Krefeld: Carmen

Premiere: 12.09.2020, besuchte Vorstellung 03.06.2021

Ein konzertanter Musikgenuss

Eigentlich stand der Besuch dieser Vorstellung bereits im letzten Herbst auf dem Programm, doch dann kam bekanntlich alles ganz anders. Umso schöner ist es nun, dass diese konzertante Aufführung mit Videoeinspielungen als eine der ersten Aufführungen nach Wiederaufnahme des Spielbetriebs erneut auf dem Spielplan am Theater Krefeld steht. Leider gab es dann aber am vergangenen Donnerstag unmittelbar vor Vorstellungsbeginn die Information, dass in dieser Vorstellung auf Grund von technischen Problemen leider auf die Videoeinspielungen von Kobie van Rensburg (Konzeption, Videoregie und Ausstattung) verzichtet werden muss. In diesen Einspielungen schlüpfen u. a. vier Mitglieder der Ballettkompanie in die Rollen von Carmen, Don José, Micaela und Escamillo. Zu erleben war stattdessen dann „nur“ eine konzertante Aufführung, für die allein sich aber die Anreise ebenfalls gelohnt hat.

Da nun hier leider nichts zu der, wie man an anderer Stelle hörte, sehr sehenswerten Umsetzung gesagt werden kann und die Oper „Carmen“ von Georges Bizet hinlänglich bekannt sein sollte, wollen wir den Blick kurz auf den bereits erwähnten musikalischen Genuss des Abends werfen. Gespielt wird in Krefeld die reduzierte Orchesterfassung von Gerardo Colella, für die rund 20 Musiker und Musikerinnen im hinteren Bühnenbereich platziert wurden. Unter der musikalischen Leitung von GMD Mihkel Kütson spielen die Niederrheinischen Sinfoniker auf bekannt hohem Niveau, so dass die bekannten Lieder der Oper auch in dieser kleinen Besetzung kraftvoll und voluminös erklangen. Allein die Ouvertüre war hierbei ein echter Genuss für die Ohren, den man so lange vermisst hat.
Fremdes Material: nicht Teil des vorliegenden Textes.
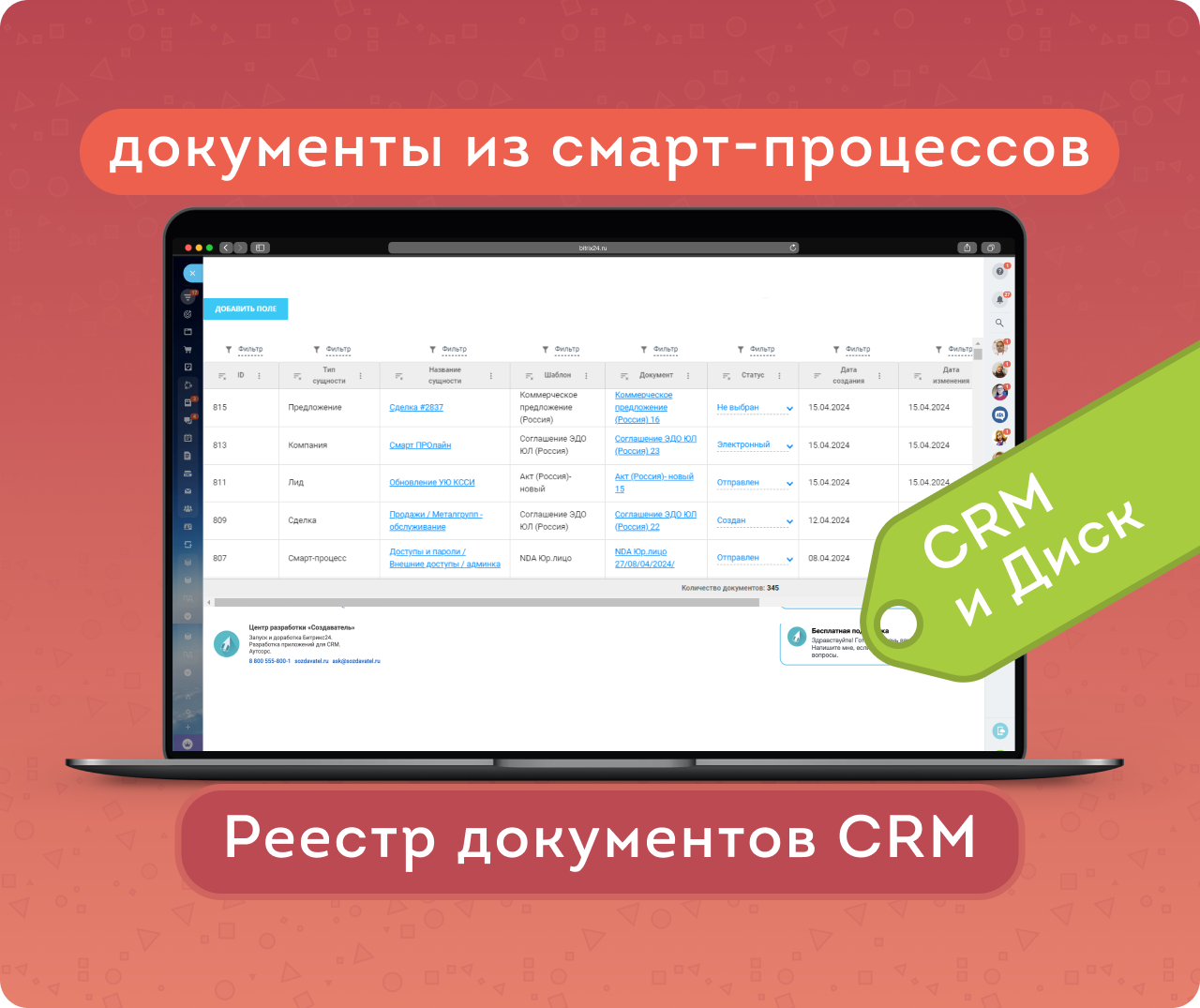 В любой компании со временем накапливается большое количество документов: договоры, счета, акты, накладные, приказы, доверенности и так далее. Документы отображаются в карточке сущности CRM, но общий список не посмотреть, поэтому создать документ по шаблону легко, а вот найти его потом намного сложнее. Зачастую, чтобы найти один-единственный документ, приходится посетить множество страниц портала и потратить уйму времени.
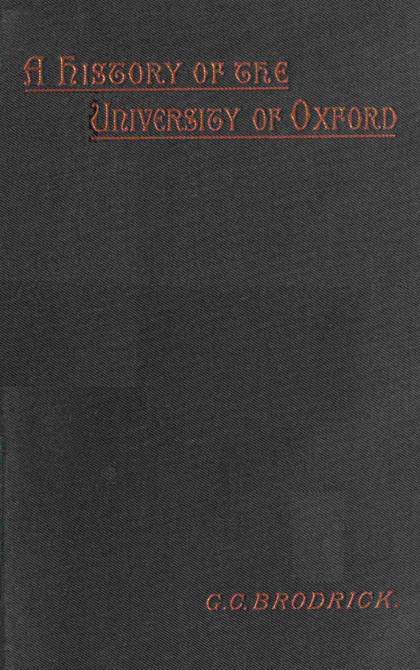 A HISTORY OF THE UNIVERSITY OF OXFORD. By the Hon. G. C. BRODRICK, D.C.L.
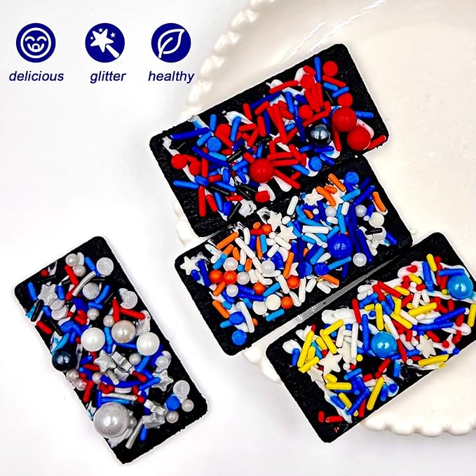 - Dynamic Sprinkle Blend: Immerse yourself in a world of vibrant colors inspired by iconic characters, offering a captivating mix for your sweet creations
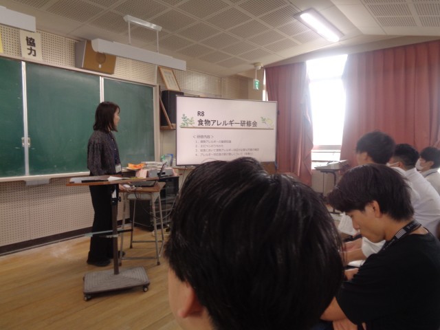新学期のスタートに備えて食物アレルギー研修会を行いました。最初にパワーポイントの資料を使って、アレルギーの症状に応じた対応やアレルギー対応が必要な児童についての共通理解を図った後、アレルギーを発症した児童を発見した際の連絡体制、エピペンの使用法などについてシミュレーション研修を行いました。また、後半は、栄養士の指導の下、アレルギー対応食の提供の仕方について学びました。アレルギー対応の給食の配膳の仕方や受け取り方など、質疑応答も含め、全員で細かいところまで共通確認ができました。明日から始まる給食に備え、子どもたちの健康で安全な学校生活のため、これからも研修を積み重ねていきます。
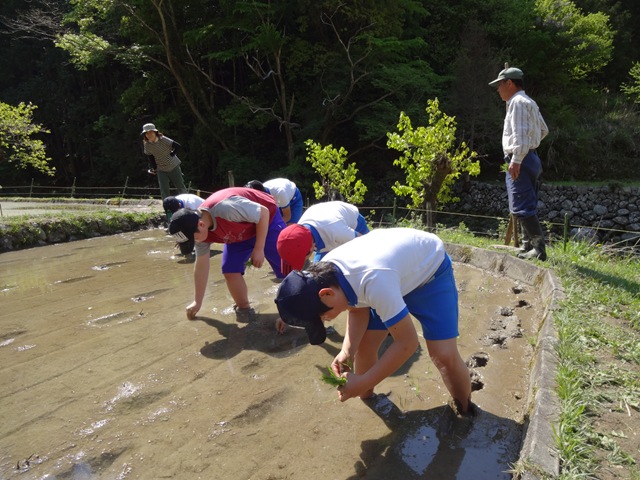 はじめは,足を泥に取られながら,慣れない手つきで,四苦八苦していましたが,次第に上手になり,1時間ほどで1枚の田んぼの田植えを完了しました。
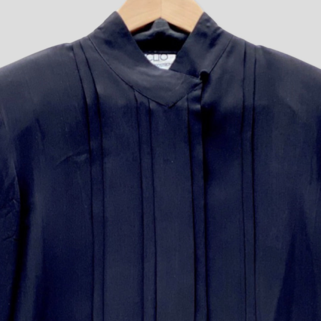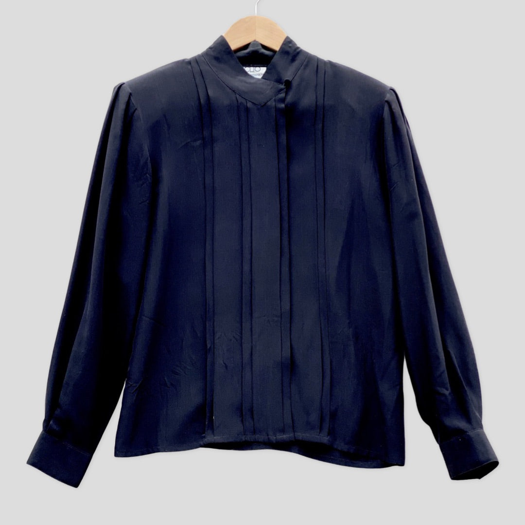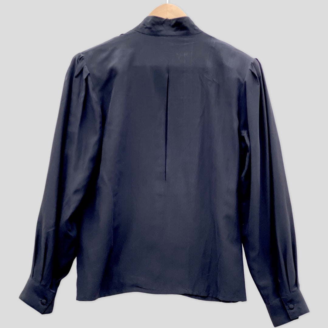 Clio for Nordstrom 100% silk blouse with mandarin collar detail puffed sleeves and hidden button front panel closure.
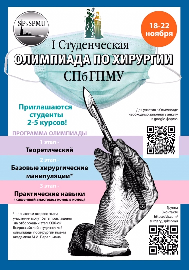 18-22 ноября в Педиатрическом университете пройдет I Студенческая Олимпиада по хирургии.
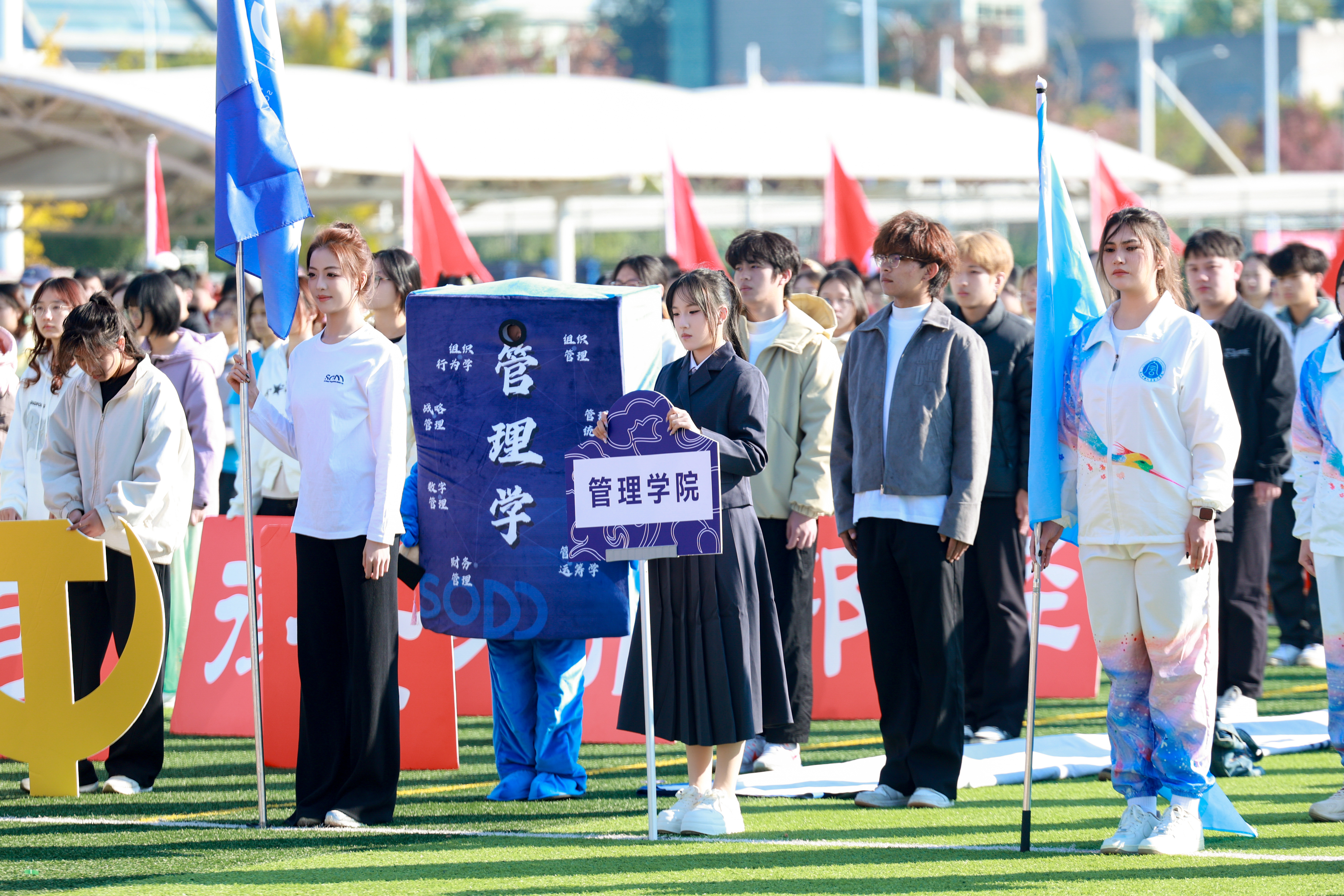 开幕式上,管理学院方阵昂首阔步、精神抖擞,整齐的队列尽显团结风貌,嘹亮的口号铿锵有力,满含管院人的热忱与坚毅,以昂扬姿态展现学院风采,不负韶华、勇毅前行的信念随步伐坚定传递。随着开赛指令响起,管院健儿全力以赴,在赛场之上书写奋斗篇章。

Einmal mehr konnte auch das Musiktheater-Ensemble beweisen, wie gut es seit vielen Jahren aufgestellt ist. Bis in die kleinste Rolle, war die Aufführung stark besetzt. In der Titelrolle verkörperte die Mezzosopranistin Eva Maria Günschmann eine differenzierte Carmen. Manchmal eher verführerisch, doch meist die starke emanzipierte Frau mit großem Selbstbewusstsein. Ihr zur Seite steht mit dem Tenor David Esteban ein Don José, bei dem auch in dieser konzertanten Version deutlich wird, wie sehr er Camen verfallen ist. Der Bariton Rafael Bruck singt einen Escamillo an dem es wahrlich nichts auszusetzen gibt, im Gegenteil. Ganz hervorragend ist auch Sophie Witte als Micaela mit ihrem reinen, jugendlich wirkenden Sopran. Die weiteren Rollen haben in der besuchten Vorstellung Hayk Deinyan (Zuniga), Debra Hays (Frasquita), Janet Bartolova (Mercédès), Woongyi Lee (Remendado) und Guillem Batllori (Dancairo) übernommen. Letzterer ist noch Mitglied im Opernstudio Niederrhein, zeigt hier aber einmal mehr was in ihm steckt. Zum Finale erklang der Opernchor noch per Toneinspielung.

Die gut 90 Minuten (ohne Pause) vergingen auch ohne eine begleitende Inszenierung wie im Fluge, am Ende gab es einen langen und kaum enden wollenden Applaus der im Theater anwesenden Zuschauer. Zwei weitere Vorstellungen stehen noch am 12. Juni sowie am 29. Juni auf dem Spielplan, dann hoffentlich auch wieder ohne technische Probleme, so dass sich zum musikalischen auch der visuelle Genuss gesellen kann.